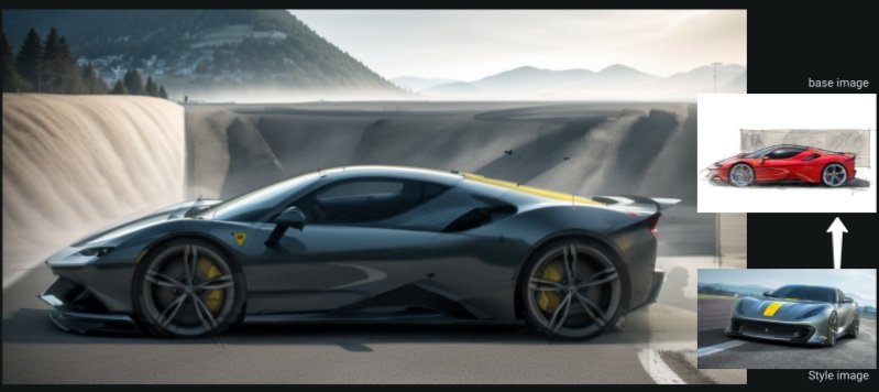 In StyleDrive, users upload two images, a base image and a style image. The style image drives a change to the base image. For example:
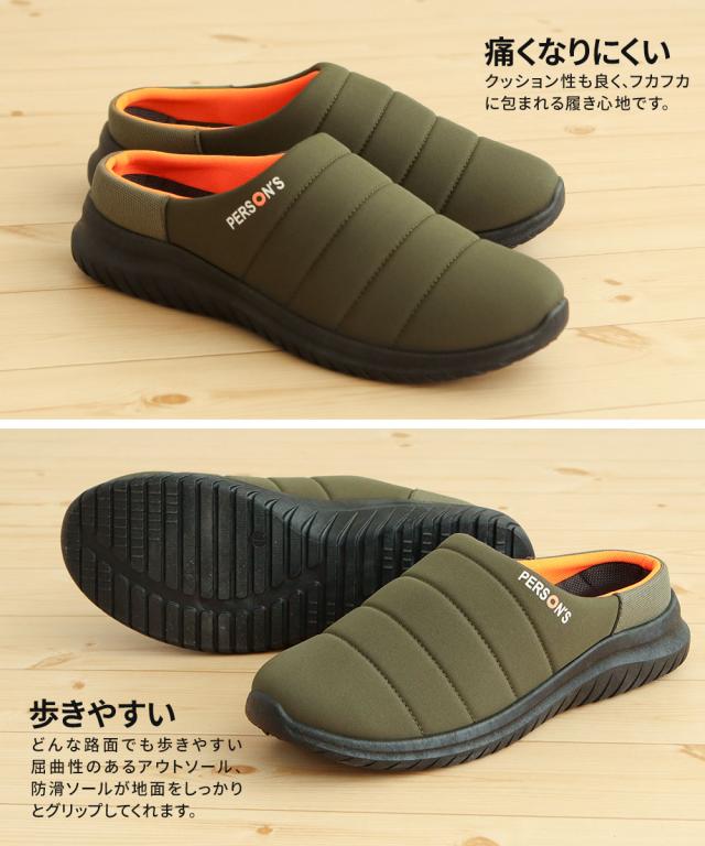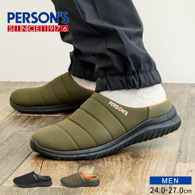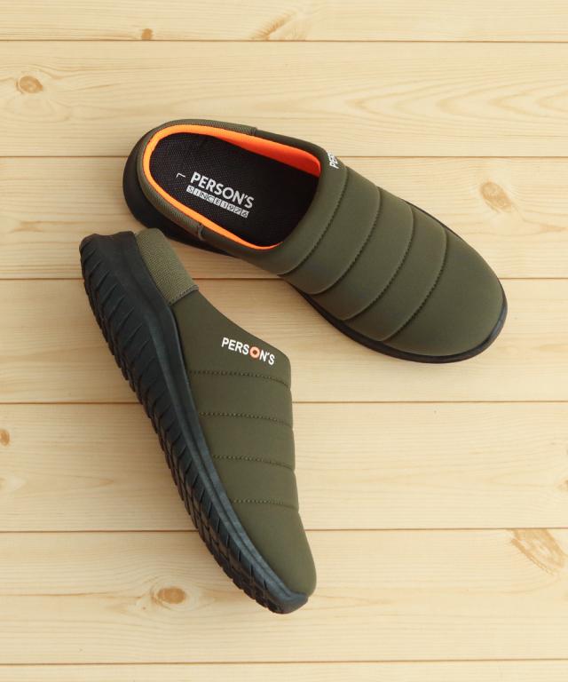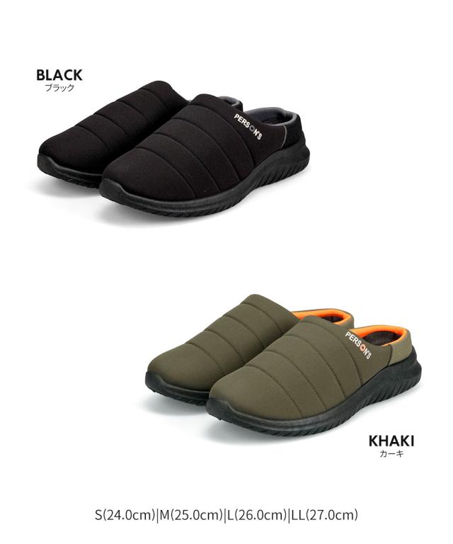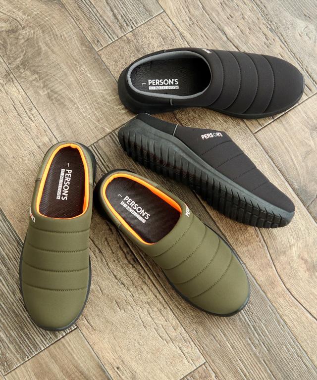 モックシューズ メンズ サボサンダル かかとが踏める スリッポン アウトドア キャンプシューズ クロッグサンダル サボ サンダル スリッパ おうちキャンプ グランピング キャンプ テントシューズ 黒 ブラック カーキ PERSON'S パーソンズ 1825
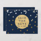 Cartes de faire-part à points de confettis brillants bleus et or. Articles assortis disponibles.
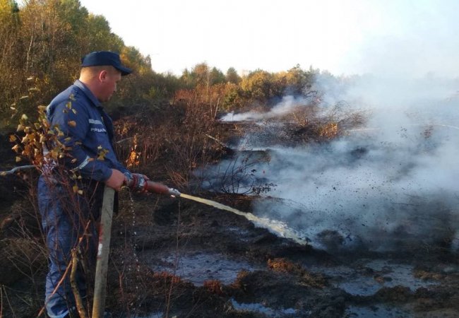 На гасіння масштабної пожежі на торфовищі залучили спецтехніку з Луцька
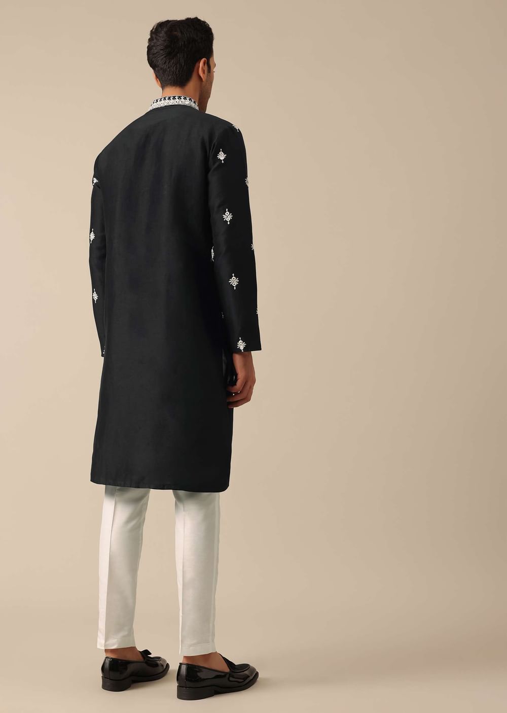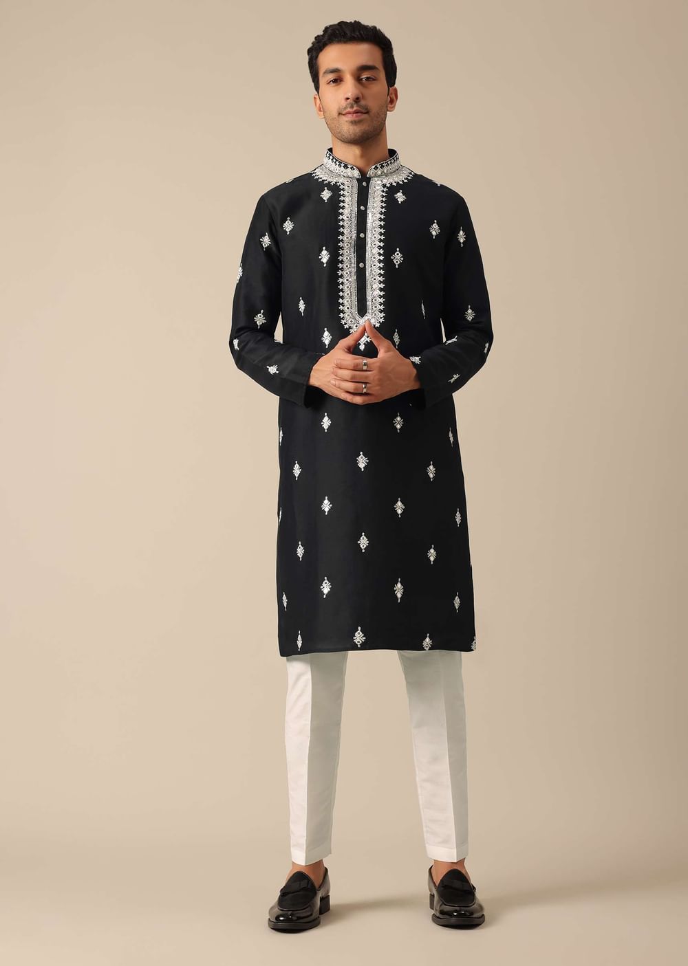 Gain everyone's attention by stepping out in this alluring kurta set. Crafted from plush silk, it is beautified with stunning resham work. The mandarin collar and full sleeves add to its design. Paired with pants, this outfit will be a festive delight. Awarded As The Most Trusted Brand We'Re Delivering Styles You Love Just As Promised.

**Action item**
Your copy should hold exactly the lines from the one that contains "Cartes de faire-part" through the final line of the data, both ends included, and no pictures.

**Response area**
 Cartes de faire-part à points de confettis brillants bleus et or. Articles assortis disponibles.
 На гасіння масштабної пожежі на торфовищі залучили спецтехніку з Луцька
 Gain everyone's attention by stepping out in this alluring kurta set. Crafted from plush silk, it is beautified with stunning resham work. The mandarin collar and full sleeves add to its design. Paired with pants, this outfit will be a festive delight. Awarded As The Most Trusted Brand We'Re Delivering Styles You Love Just As Promised.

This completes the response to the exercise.